*** SAS source code file ***
---------------------------------------------------------------------------------------
/* Exercise 2.48, page 148. */
options nodate;
data foot;
infile 'C:\1_Courses\223\Lectures\Week6\sasexpl\ta02-002.txt' delimiter='09'x;
* HAV is the response and MA the explanatory variable;
input HAV MA;
datalines;
proc reg data=foot;
title 'Regression Data for HAV on MA';
model HAV = MA;
output out=foot1 predicted=HAVhat residual=r;
run;
symbol value=dot color=blue interpol=r;
proc gplot data=foot;
title 'Scatter plot HAV vs. MA (With Regression Line)';
plot hav*ma/ haxis = 5 to 40 by 5 vaxis = 5 to 50 by 5;
run;
----------------------------------------------------------------------------------------
*** SAS output file produced by running above program ***
----------------------------------------------------------------------------------------
Regression Data for HAV on MA
The REG Procedure
Model: MODEL1
Dependent Variable: HAV
Analysis of Variance
Sum of Mean
Source DF Squares Square F Value Pr > F
Model 1 188.71350 188.71350 3.62 0.0652
Error 36 1878.54965 52.18193
Corrected Total 37 2067.26316
Root MSE 7.22371 R-Square 0.0913
Dependent Mean 25.42105 Adj R-Sq 0.0660
Coeff Var 28.41624
Parameter Estimates
Parameter Standard
Variable DF Estimate Error t Value Pr > |t|
Intercept 1 19.72327 3.21717 6.13 <.0001
MA 1 0.33884 0.17818 1.90 0.0652
------------------------------------------------------------------------------------------
*** Discussion ***
1. The Exercise
For purposes of solving Exercise 2.48, much of the above output can be ignored at this
point in time in the course.
(a) The table labeled 'Parameter Estimates' gives the least-squares regeression line
as HAV = 19.72327 + 0.33884MA, i.e., a = 19.72327 and b = 0.33884.
(b) So for MA = 25 degrees, we would predict HAV = 19.723 + 0.339 * 25 = 28.2 degrees.
(c) The scatter plot shows a lot of spread, so predictions based on the regression
line will not be vary reliable. Note that R-Square is 0.0913, so only about 9% of the
variation in HAV is explained by the regression line.
2. The Source Code
In proc reg, the model statement causes the least-squares line of the form y = a + bx to
be calculated, where y is the response variable and x is the explanatory variable.

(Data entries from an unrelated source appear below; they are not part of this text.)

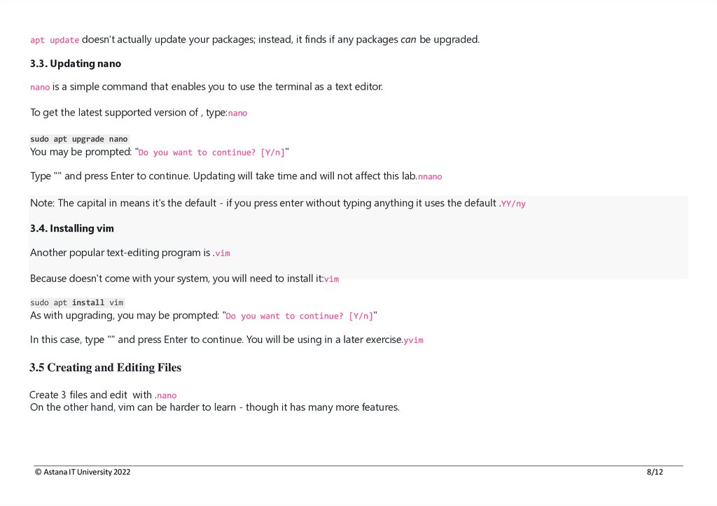 apt update doesn't actually update your packages; instead, it finds if any packages can be upgraded.3.3. Updating nano
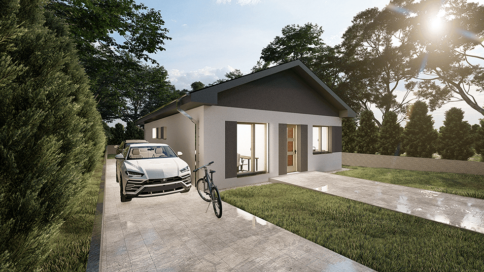 Bungalov Astra 6 je dom strednej veľkostnej kategórie. Svojimi vnútornými priestormi uspokojí nároky na bývanie 4-5 člennej rodiny.
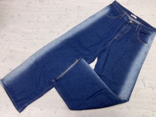 - JaVa ジャバ サイドフェード加工 ワイド ストレート デニム パンツ ジーンズ ボトムス レディース ジップフライ グラデーション L 青
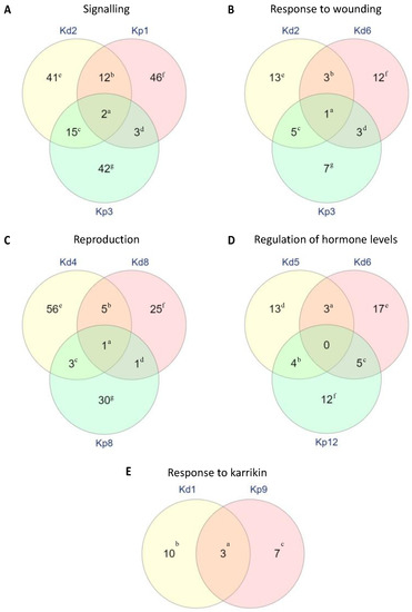 Number of genes in selected GO terms that are overlapped between different clusters of two Kalanchoë species, K. daigremontiana (Kd) and K. pinnata (Kp). Genes in signalling (A), response to wounding (B), reproduction (C), regulation of hormone levels (D) and response to Karrikin (E). The numerical value next to the species name symbol (Kd, Kp) represents the corresponding gene cluster in Figure 2. The numerical value in the Venn diagrams represents the number of genes. Superscript alphabets correspond to the list of genes in Table S1.
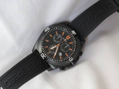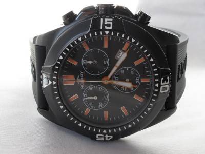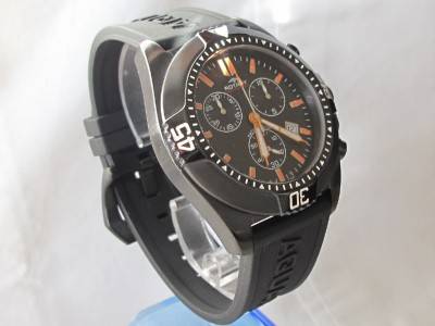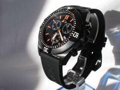 Black face/dial and orange and luminous coloured hands and hour markers,
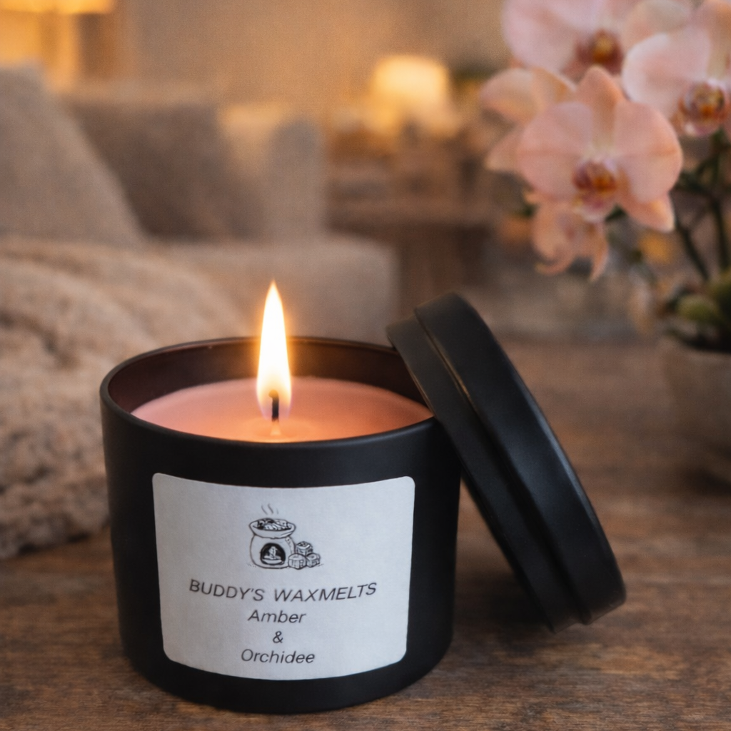 Laat je huis heerlijk ruiken met onze geurende kaars in de geur Amber & Orchidee. Een zachte, frisse en warme geurcombinatie die je direct omarmt, Perfect voor een ontspannend moment voor jezelf of als stijlvol geschenk.
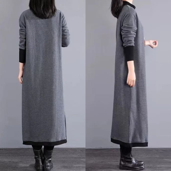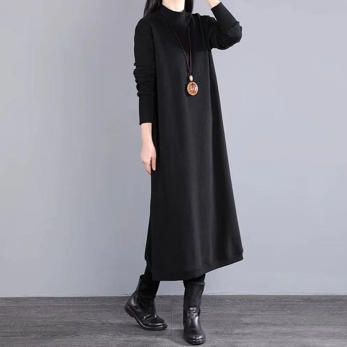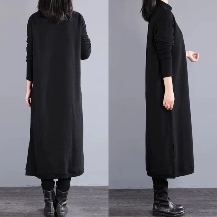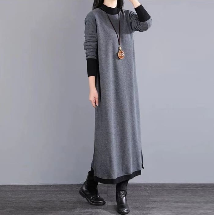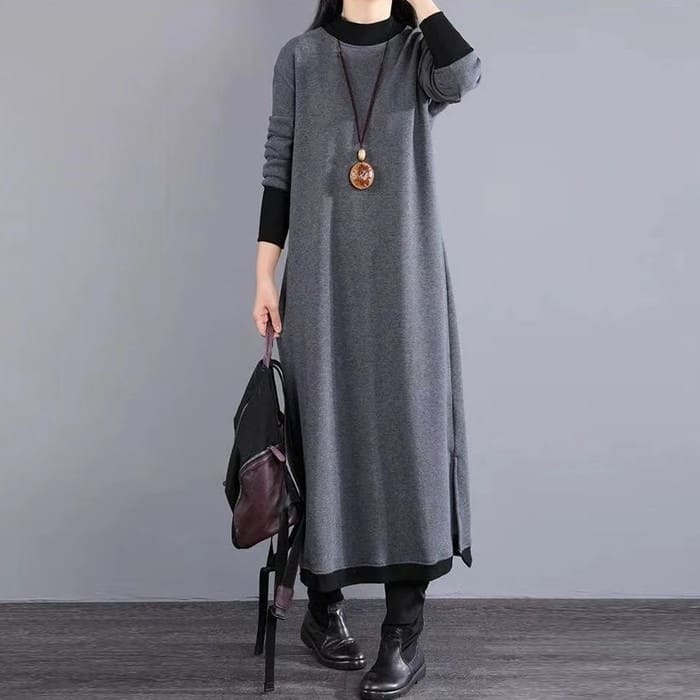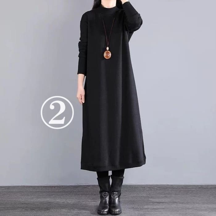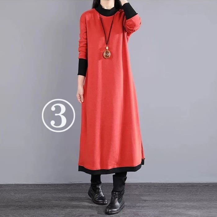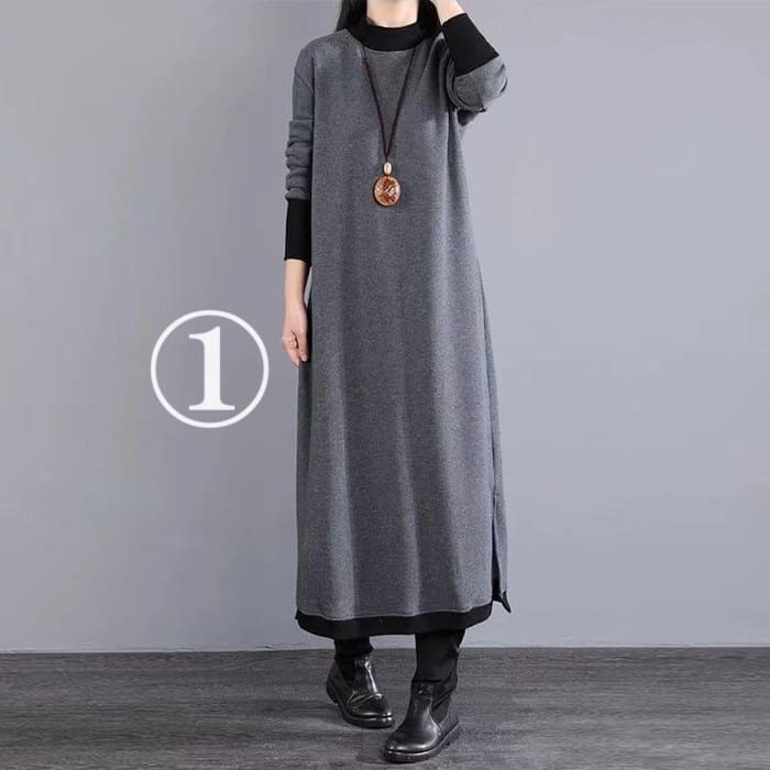 ハイネック 重ね着風 ワンピース レデ
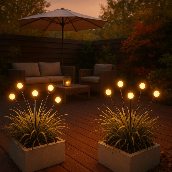 Da sie mit Solarenergie betrieben werden, benötigen Sie keine Kabel, Batterien oder Steckdosen. Platzieren Sie sie einfach, wo Sie möchten, und genieĂen Sie die AtmosphĂ€re.
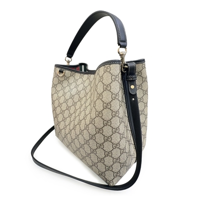 【GUCCI 古馳】815103 經典GG Emblem系列手提斜背兩用水桶包(藍黑色) product image 1
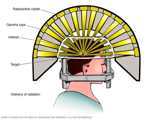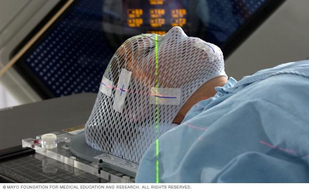 Head frame placement. Before the procedure begins, you'll have a lightweight frame attached to your head with four pins. This frame will stabilize your head during the radiation treatment and serve as a point of reference for focusing the beams of radiation. Some types of brain radiosurgery may not require head frame placement.
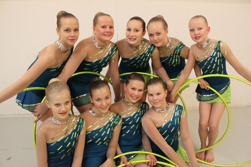 Suoritukseen valmistautuminen aloitettiin hyvissä ajoin ja ohjelmasta ehdittiin käydä tarvittavat kohdat läpi.Suoritusnumerolla 53. Arskat pääsivät astelemaan matolle kovien kannustusten saattelemana.Kaikenkaikkiaan suorituksessa oli juuri sitä,mitä valkut olivat tytöiltä viime aikoina vaatineetkin:ilmettä ja itsevarmuutta.Vanteenkin käsittely oli jo parempaa,vaikka suorituksessa ehdittiin pariin otteeseen siihen takertua.Pettymys oli suuri,kun tytöt kuulivat sijoittuneensa kategoriaan D.Muutama kuvan verran ehdittiin poseerata ennen kuin kiirehdittiin kotimatkalle.
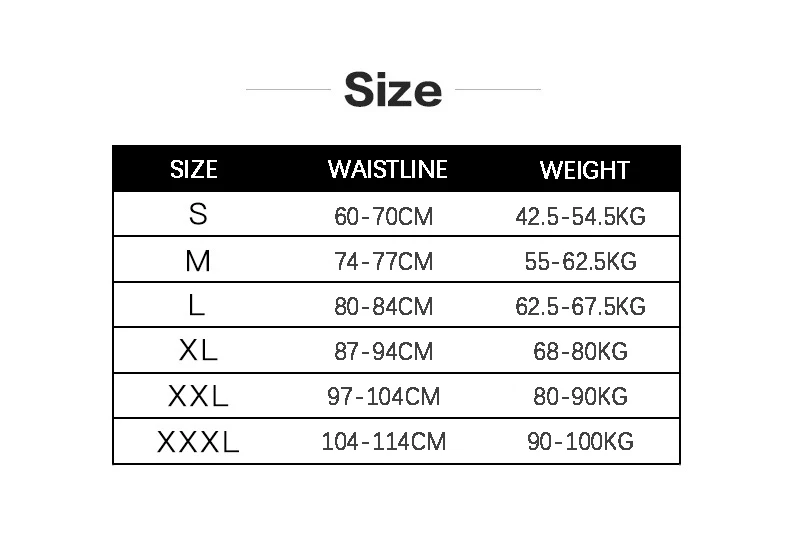 S: обхват талии 60-70 см; Подходящий вес 42,5-54,5 кг;
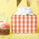 Um papel de envolvimento projetou com um teste padrão alaranjado e branco brilhante do guingão no tamanho médio.
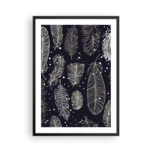 Affiche dans un cadre noir - Poster - Plumes blanches sur fond noir dans un arrangement élégant - 50x70cm - Toile de plumes - Décoration murale moderne pour le salon et la chambre ARTTOR
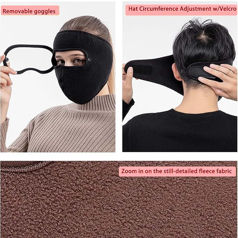 - All-round warmth: ear protection design, 360 degrees of warmth, full face surround, more suitable for the face, removable goggles cap adjusting Velcro, easy to travel in winter, winter cold feeling. Upgraded neck guard to keep warm, the whole neck around, more suitable for the neck, winter travel convenient
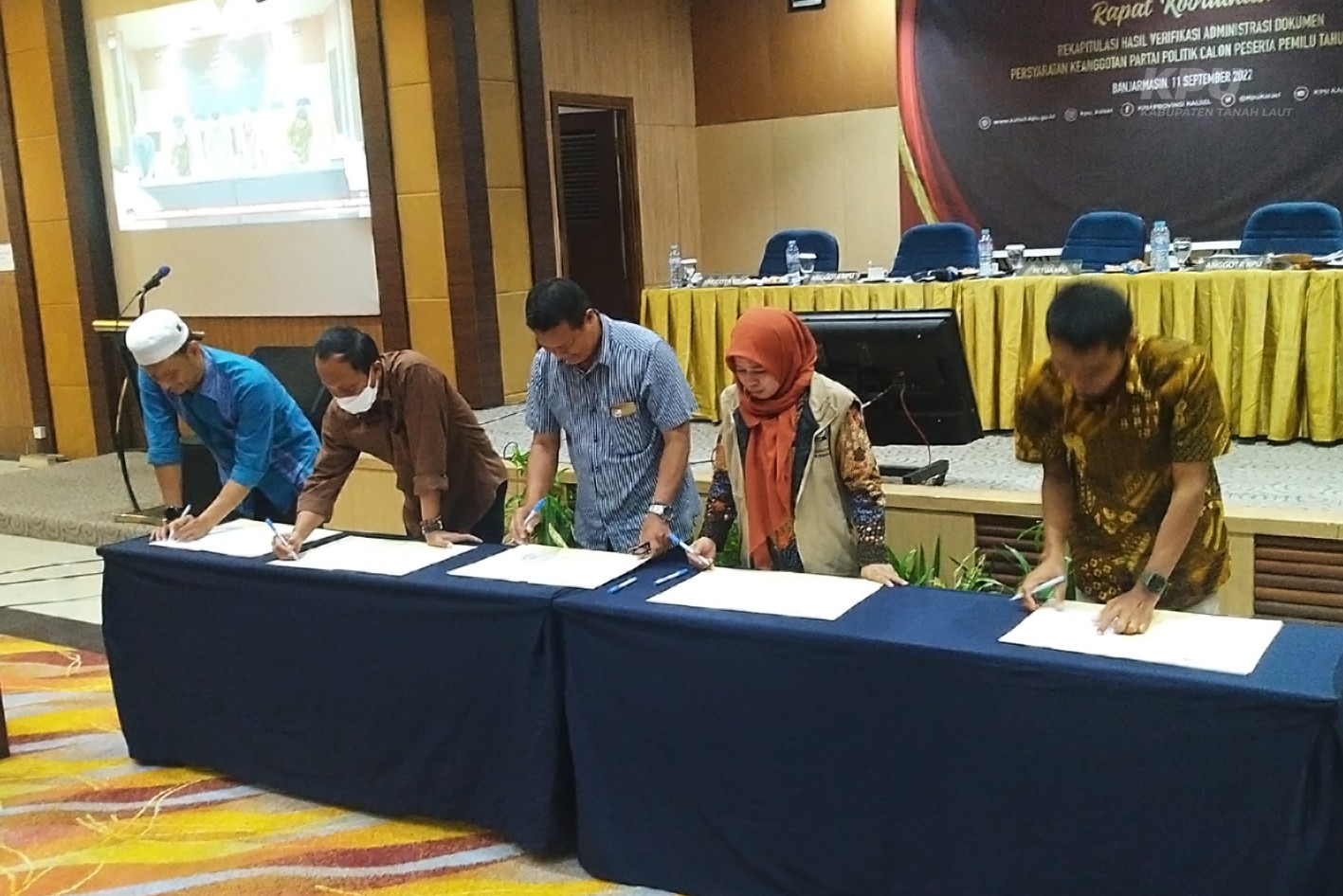 Banjarmasin (11/09/2022), KPU Kabupaten Tanah Laut mengikuti kegiatan Rapat Koordinasi Rekapitulasi Hasil Verifikasi Administrasi Dokumen Persyaratan Keangotaan Partai Politik Calon Peserta Pemilu Tahun 2024 yang diselenggarakan oleh KPU Provinsi Kalimantan Selatan bertempat di Hotel Aria Barito Banjarmasin. Dalam kegiatan ini setiap KPU Kabupaten/Kota diikuti oleh empat orang peserta. Dalam kesempatan ini KPU Kabupaten Tanah Laut dihadiri oleh Ketua KPU Kabupaten Tanah Laut, Arif Mukhyar, Anggota KPU Kabupaten Tanah Laut Divisi Teknis Penyelenggaraan, Muhammad Hanapi, Kasubbag Teknis Penyelenggara, Partisipasi dan Hubungan Masyarakat Hendra Suryana dan Safwansyah selaku verifikator SIPOL KPU Kabupaten Tanah Laut.

The reason for including the output statement in proc reg, is because proc gplot needs
the residuals in order to plot the regression line on the scatter plot. If we didn't
need to plot the regression line, then the output statement could be omitted from
proc reg. The output statement creates a SAS data set called foot1 with 37 observations
and four variables, HAV, MA, HAVhat and r. HAVhat is the predicted value for an
observation and r is the residual for an observation, i.e., the difference between the
observed value of HAV and the predicted value.
Once this is done, then proc gplot produces a scatter plot of HAV versus MA, and the
symbol statement with interpol=r causes the least-squares line to be plotted on the
graph as well. This is shown in: 2-48.bmp.